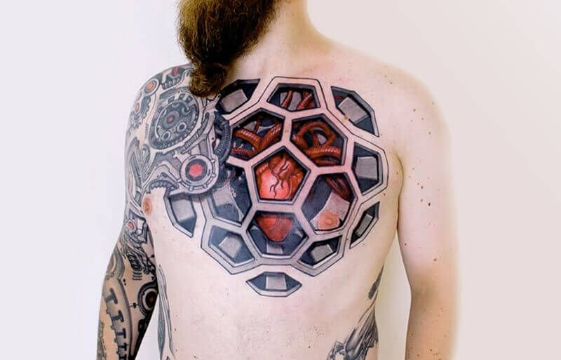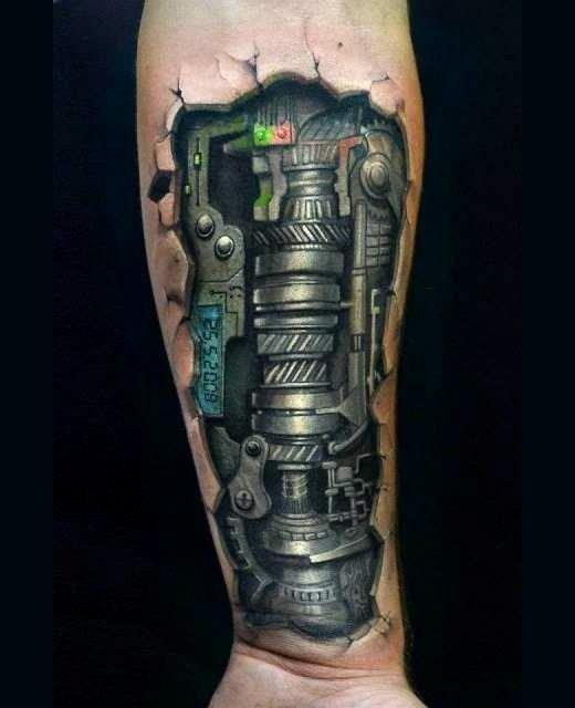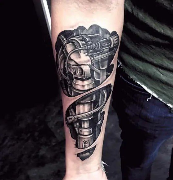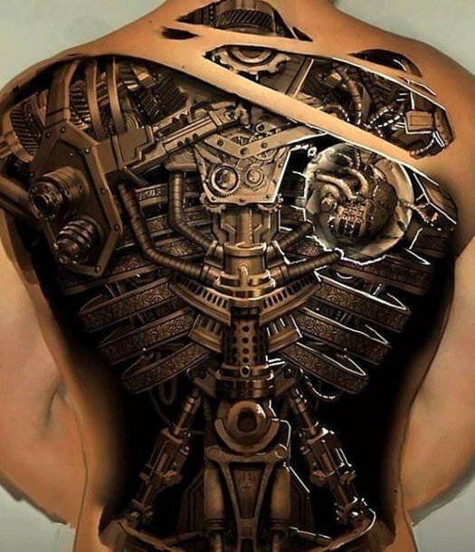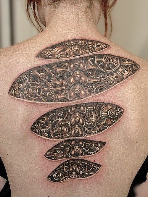 Biomechanical tattoos often intertwine not only physical but also philosophical aspects.
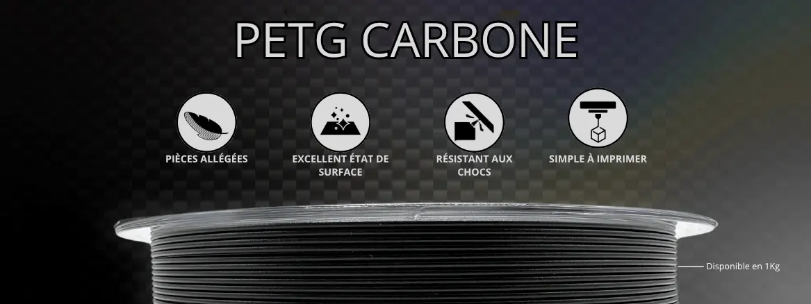Le filament PETG Carbone de TAG in 3D est un filament d'impression 3D de haute qualité, composé de PETG modifié choc de qualité supérieure et de fibres de carbone à haut module de Young. Contrairement à d'autres produits disponibles sur le marché ce filament offre une résistance supérieure grâce à sa structure renforcée en longues fibres de carbone. Il est idéal pour ceux qui recherchent une rigidité structurelle exceptionnelle, une excellente qualité de surface, une stabilité dimensionnelle, un poids léger et une facilité d'impression.
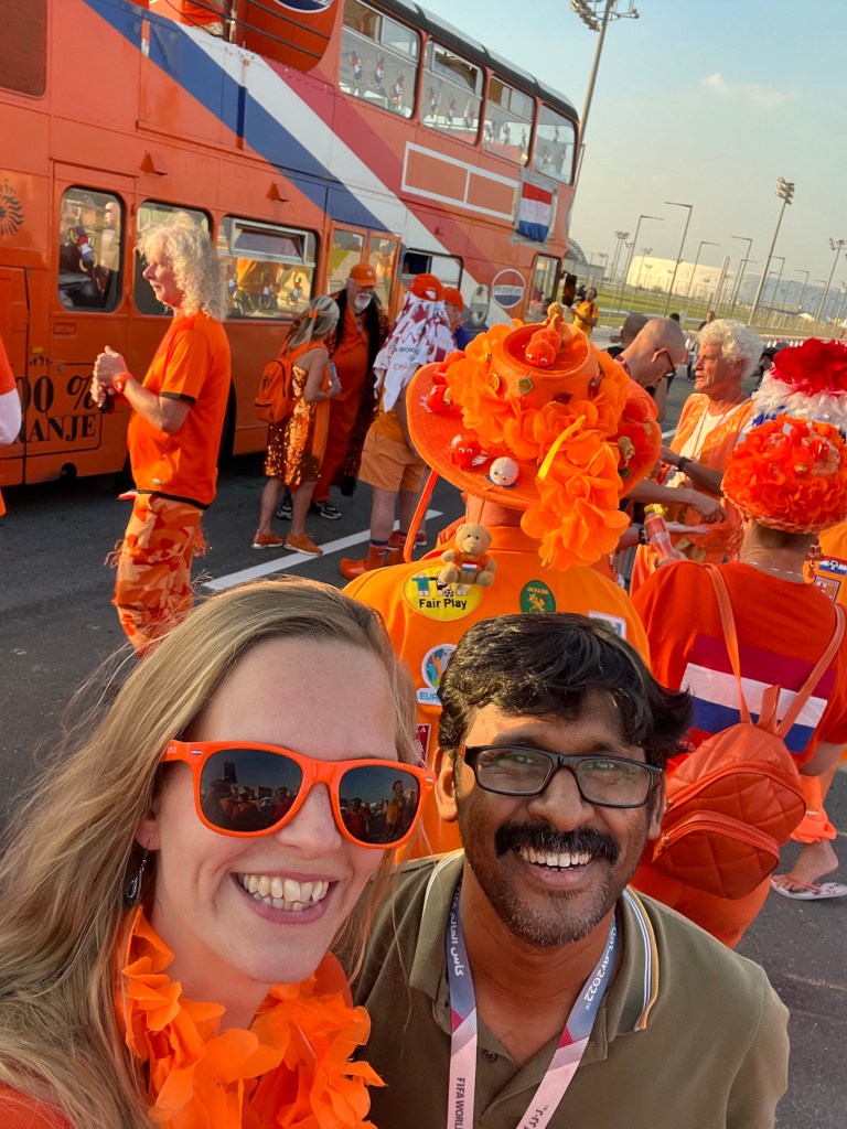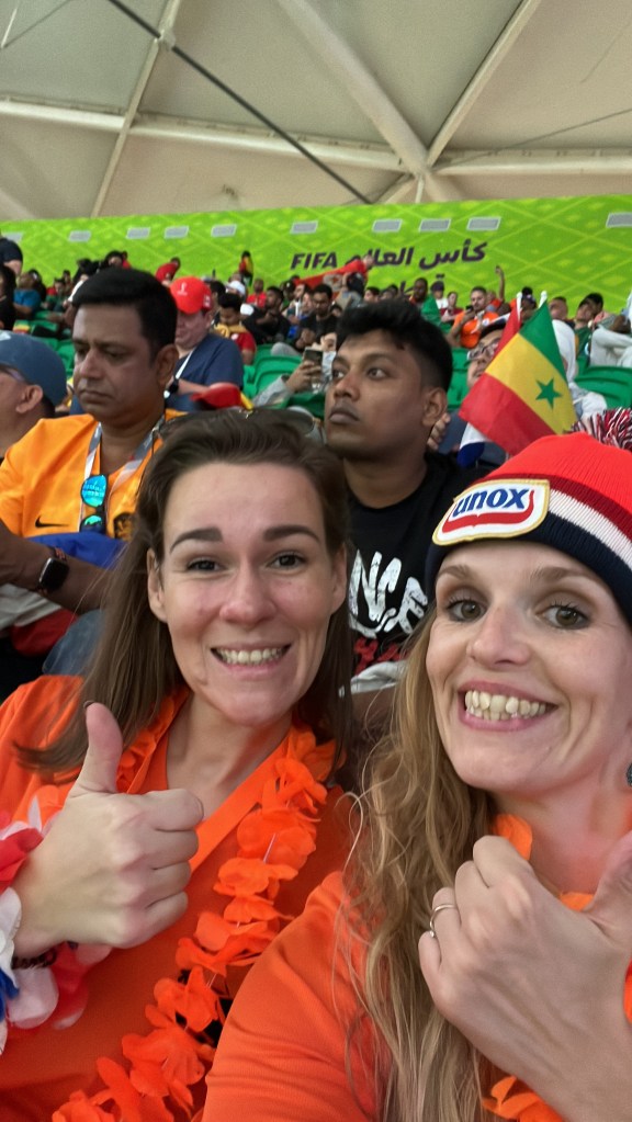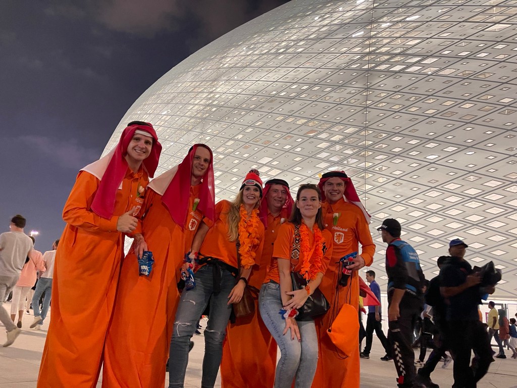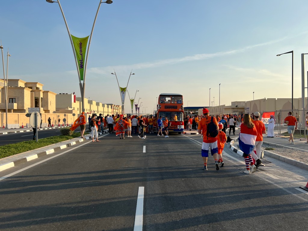 Veel mensen vertrokken al voor het einde van de wedstrijd, maar wij hebben nog even staan juichen voor het Nederlands elftal. Buiten wachtte nog een feeststemming en vele fans feliciteerden ons met de overwinning. Er was een goede sfeer! Na weer heel wat fotosessies en nog wat gezelligheid zijn een groot deel van de Nederlandse fans nog een bar ingegaan om verder te feesten tot in de late uurtjes. Als wij iets langer dan een avondje oppas hebben zit dat er een volgende keer misschien voor ons ook nog in, maar wij hebben het feestje in de auto en thuis voortgezet. En hopelijk kunnen deze feestjes nog tot 18 december worden voortgezet, want ondanks alle controverse en ophef, weten de Nederlanders het hier toch nog gezellig te maken!

* _YOUR INSTRUCTIONS_
Give back, exactly as written, the lines from the top of the material through the line with "Le filament PETG", ends included and pictures left aside.

* _TASK SOLUTION_
 Biomechanical tattoos often intertwine not only physical but also philosophical aspects.
Le filament PETG Carbone de TAG in 3D est un filament d'impression 3D de haute qualité, composé de PETG modifié choc de qualité supérieure et de fibres de carbone à haut module de Young. Contrairement à d'autres produits disponibles sur le marché ce filament offre une résistance supérieure grâce à sa structure renforcée en longues fibres de carbone. Il est idéal pour ceux qui recherchent une rigidité structurelle exceptionnelle, une excellente qualité de surface, une stabilité dimensionnelle, un poids léger et une facilité d'impression.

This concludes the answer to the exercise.